Designed for high-end desktops for enthusiasts, the Ryzen Threadripper 2920X uses two Zen+ dies with two cores disabled within each of them. Running its 12 cores with SMT at 3.5-4.3 GHz, the chip offers 32 MB of cache, a quad-channel DDR4-2933 memory subsystem, and 60+4 lanes of PCIe Gen 3. With a TDP of 180 W, the “baby” Threadripper 2 is compatible with any AMD X399-powered platform with a proper BIOS. Meanwhile, since such chips are made to be overclocked, a motherboard with a reliable VRM and a robust cooler are highly recommended since power consumption and TDP tend to skyrocket on overclocked processors.

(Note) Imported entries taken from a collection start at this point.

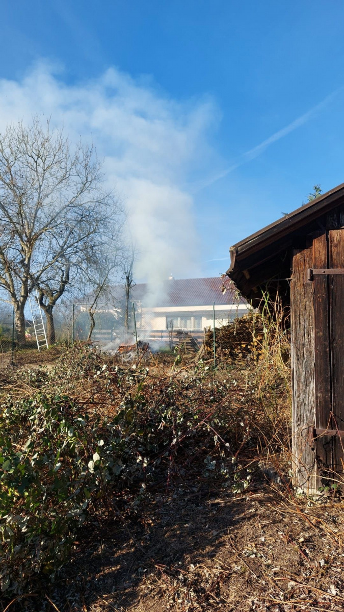 Am Einsatzort stellte sich heraus, dass auf einem Privatgrundstück Reisig und Müll verbrannt wurden. Aufgrund der Nähe des Feuers zu einem Holzstapel und einer angrenzenden Scheune bestand die Gefahr, dass die Flammen auf diese übergreifen könnten.
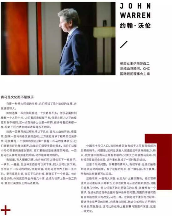 每一匹赛马都经历过严苛的培养和细致的训练,看着它们仿佛战士一般冲向赛道,我们无从知道它们的成长过程。这一次,Esquire采访了赛马界的专家:英国人约翰·沃伦是英国女王伊丽莎白二世的赛马经理、马来西亚人张祖德给我们讲述了他和他的马主俱乐部生意,我们还请到了国内权威的赛马传媒机构“大陆赛马网”的创始人李鹏,三个男人一起为我们讲述了赛马业的前世今生。
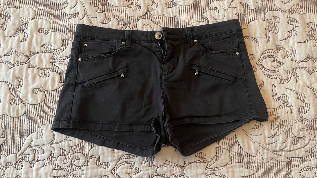 Düğmeli ve fermuarlı cepleri olan siyah, dar kesim mini denim şort. Sokak stiline uygun kısa boy, dış mekan kullanımı için ideal.
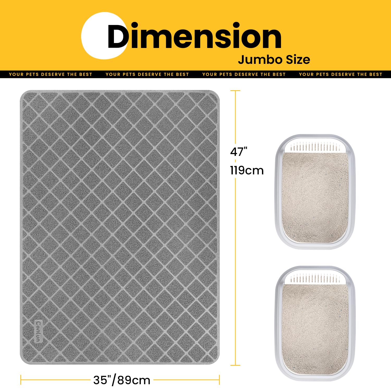 Perfect Size: 47 x 35 inches grey jumbo cat litter trapper mat is designed so it can hold the litter on the mat and keep your floor clean.
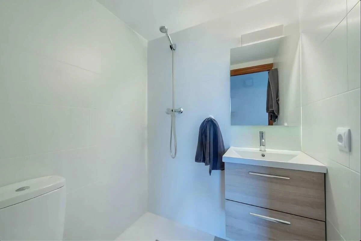 W domu znajduje się duży salon z TV-SAT i Smart TV. Kuchnia z jadalnią jest bardzo przestronna i wyposażona w kuchenkę indukcyjną. Na tym parterze znajduje się sypialnia z łóżkiem małżeńskim oraz dwie łazienki z prysznicem. Na pierwszym piętrze znajdują się trzy sypialnie, jedna z dwoma pojedynczymi łóżkami i dwie z łóżkiem małżeńskim, jedna z nich posiada łazienkę z wanną. Kolejna łazienka z prysznicem uzupełnia to piętro. W sypialniach szafa i TV-SAT. Jest 1 łóżeczko dziecięce i 1 wysokie krzesełko. W pralni znajduje się pralka, suszarka, żelazko i deska do prasowania. W całym domu zainstalowana jest klimatyzacja i grzejniki.
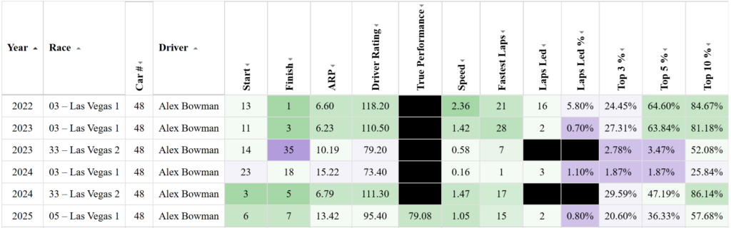 That said, one bad day doesn’t change my opinion about Bowman being likely to come out strong at this type of track. Bowman has been outstanding at Las Vegas in the Gen 7 car. He has finished inside the Top 10 in four of his six starts here. That includes a seventh place finish here in the spring. Only once has he failed to log over 50% of his laps inside the Top 10.

AMD's High-Performance Desktop CPUs
  Cores/
Threads
Base/
Turbo
L3 DRAM
1DPC
PCIe TDP SRP Retail
Price
TR 2990WX 32/64 3.0/4.2 64 MB 4x2933 60 250 W $1799 $1799
TR 2970WX 24/48 3.0/4.2 $1299 -
TR 2950X 16/32 3.5/4.4 32 MB 180 W $899 $899
TR 1950X 3.4/4.0 4x2667 $799 $720
TR 2920X 12/24 3.5/4.3 4x2933 $649 -
TR 1920X 3.5/4.0 4x2667 $399 $449
TR 1900X 8/16 3.8/4.0 16 MB $299 $308
Ryzen 7 2700X 8/16 3.7/4.3 16 MB 2x2933 16 105 W $329 $319
Ryzen 7 1800X 8/16 3.6/4.0 16 MB 2x2667 95 W ? $244

AMD is also noting today that these parts will feature a 'Dynamic Local Mode', designed to arrange the NUMA such that cores with direct access to memory have priority, although we will have to look deeper into this feature.

The AMD Ryzen Threadripper 2970WX processor will retail for $1,299, whereas the Ryzen Threadripper 2920X will cost $649. Both will be available on October 29 from leading retailers.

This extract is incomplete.